Не удовлетворенный услышанным, 19 марта Шастенэ встретился с Молотовым и также взял у него интервью. Оно же прозвучало весьма убедительным и обнадеживающим.
«
Подтверждая готовность СССР полностью выполнить все положения договора и начать боевые действия против нацистской Германии, Вячеслав Михайлович должен был учитывать и то, как развивались события, начиная с 7 марта. И только потому он заявил: «Главное направление, определяющее политику советской власти, считает возможным улучшение отношений между Германией и СССР. Разумеется, для этого могут быть разные пути.
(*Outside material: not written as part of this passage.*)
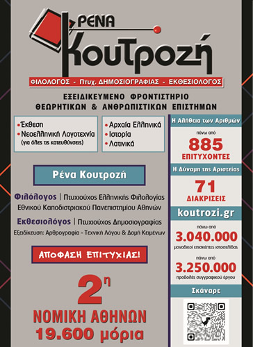 «Αναλυτική ερμηνευτική προσέγγιση των έργων του Πλάτωνα: «Πρωταγόρας» και «Πολιτεία». Η πολυετής εμπειρία στα ερμηνευτικά σχόλια των δύο έργων του Πλάτωνα μέσα από ένα βιβλίο που προσφέρεται δωρεάν στους μαθητές μου γίνεται σημαντικός παράγοντας επιτυχίας στις Γενικές Εξετάσεις.»
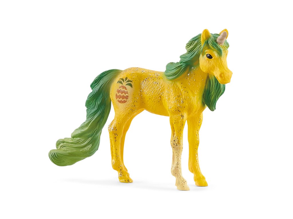 Jednorožec Pineapple je roztomilé hříbě ze Schleich® Bayala®. Jeho i dalších 11 hříbat s téhož stáda nazývají víly, draci a další obyvatelé Bayala láskyplně ´´kvítka´´. Jednorožec vděčí za svůj vzhled tomu ovoci, které snědl jako první – v případě Pineapple to byl ananas. Takto přišel jednorožec ke svému roztomilému jménu a tetování. Pineapple je od přírody tak roztomilý, nekomplikovaný a otevřený a každý chce být jeho přítel. Stručně řečeno, Pineapple je tu pro všechny. Sada obsahuje: 1x hříbě jednorožce, 1x plakát. Figurky Schleich jsou mimořádně detailní, láskyplně malované a umožňují dětem hrát si a zároveň se učit. Rozměr balení: 12,5 x 16 x 2,5 cm. Nevhodné pro děti do 3 let. Doporučený věk: 5-12.

Один из лучших — вхождение Германии в Лигу Наций, при том, однако, условии, чтобы Германия на деле доказала, что она будет соблюдать свои международные обязательства в соответствии с действительными интересами мира в Европе и интересами всеобщего мира».
Схожую по сути мысль повторила и направленная Литвинову, находившемуся в те дни в Лондоне, директива ПБ от 22 марта. Она рекомендовала главе советского внешнеполитического ведомства использовать переговоры стран — участниц Локарнского соглашения, проходившего в британской столице, для того, чтобы предложить Германии присоединиться к франко-советскому пакту. Сделать это «в том расчете, чтобы Англия, Франция или Германия сами вынуждены были предложить в качестве компромисса пакт о ненападении между СССР и Германией. В этом случае Вы могли бы согласиться на этот пакт, имея в виду, что пакт о ненападении есть в то же время пакт о неоказании какой-либо поддержки агрессору, и что пакт теряет силу, если одна из сторон нападает на третье государство».
Таким образом Советский Союз решил подстраховать себя. Обеспечить собственную безопасность на тот случай, если бы Германия напала бы лишь на СССР, а Франция не стала бы спешить с той военной помощью, которую призвана была оказать в соответствии с пактом. Осталась бы на позиции умиротворения.
Однако к столь крайней мере прибегать в те дни не пришлось. Интервью, данное Молотовым и выразившее твердую позицию СССР, его безусловную готовность придти на помощь своему союзнику даже в случае нейтралитета Польши, сыграло свою роль. 27 марта в Париже произошло то, чего Москва ожидала почти год. Фланден и Литвинов обменялись ратификационными грамотами франко-советского договора, что в соответствии с международным правом и узаконивало вступление его в силу. А 1 апреля и правительство Великобритании официально гарантировало Франции свою военную помощь при нападении на нее Германии.
Так в Европе возникла, наконец, хотя и сложная, громоздкая, но все же выглядевшая достаточно надежной новая система безопасности. Система, призванная сдержать агрессивные устремления нацистов, но в основе которой лежали интересы только Франции. Ведь лишь она одна отныне была связана договорами о взаимопомощи — отдельно с Великобританией, СССР, странами Малой Антанты. В этом-то и заключался основной порок возникшей системы безопасности: она целиком и полностью зависела от воли к сопротивлению только Парижа.
Но, пожалуй, все эти весьма нелегкие проблемы отступили на второй план, перестали, выглядеть столь уж неразрешимыми, ибо начал претворяться в жизнь призыв VII конгресса Коминтерна, выдвинутый год назад — к единству действий социалистов и коммунистов в рядах единого фронта для совместной борьбы против фашизма и угрозы войны. Народные фронты, на которые столь рассчитывали в Кремле, становились реальностью и вскоре могли в корне изменить политическую ситуацию в Европе.